For any $A \subseteq \mathbb{R}^d$, there exists a $G_\delta$ set $H \supseteq A$ such that for every measurable E, $|A \cap E|_e = |H \cap E|$
I've done the case that $|A|_e < \infty$ using Caratheodory's criterion, but I'm having some trouble with the case that $|A|_e = \infty$. I already have a theorem that some $G_\delta$ set $H \supseteq A$ exists with $|H| = |A|_e = \infty$ (in this case), and whenever $|A \cap E|_e = \infty$ this is rather obvious, but that's not always true. I'm having trouble putting together the exact way to "split" this problem into the bounded case I've already proven since $G_\delta$ sets don't play well with countable unions and I have little to no information about the class of $G_\delta$ sets themselves besides their literal definition as intersections of countably many open sets.
So, for example, I can split A into intersections with a cube grid of $\mathbb{R}^d$, so each piece $A_k$ has finite outer measure, so it has its own $G_\delta$ set of the sort I want thanks to the earlier case, but I can't just union those together because it probably won't end up being a $G_\delta$ set.
What is the right approach to this last case?

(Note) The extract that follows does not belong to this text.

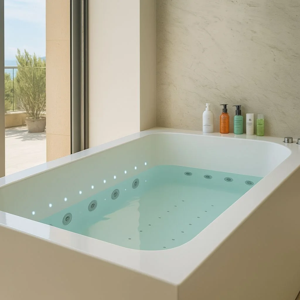 Our latest luxury bespoke spa hydrotherapy and chromotherapy bathtub system combines ‘eye catching’ elegance and performance. It has been designed to be either a free-standing solution or inset into a luxury bathroom.

EDIT: I've now actually managed to construct using an intersection of individual open sets (which union to a big open set around A) a specific bunch of $H_k$'s which are $G_\delta$ supersets of the $A_k$'s and which union to another $G_\delta$ set $H \supseteq A$ so that $|H_k| = |A_k|_e$ for every k and $|H| = |A|_e = \infty$, but I still can't seem to make an inequality go the direction I need it to; using the finite case I merely have $|H \cap E| = |\cup_{k \in \mathbb{N}}(H_k \cap E)| = \sum_{k \in \mathbb{N}}|H_k \cap E| = \sum_{k \in \mathbb{N}}|A_k \cap E|_e$ and no idea how to ensure that this is at most $|A \cap E|_e$, since of course subadditivity points the wrong way and I already know it's at least that by simple monotonicity.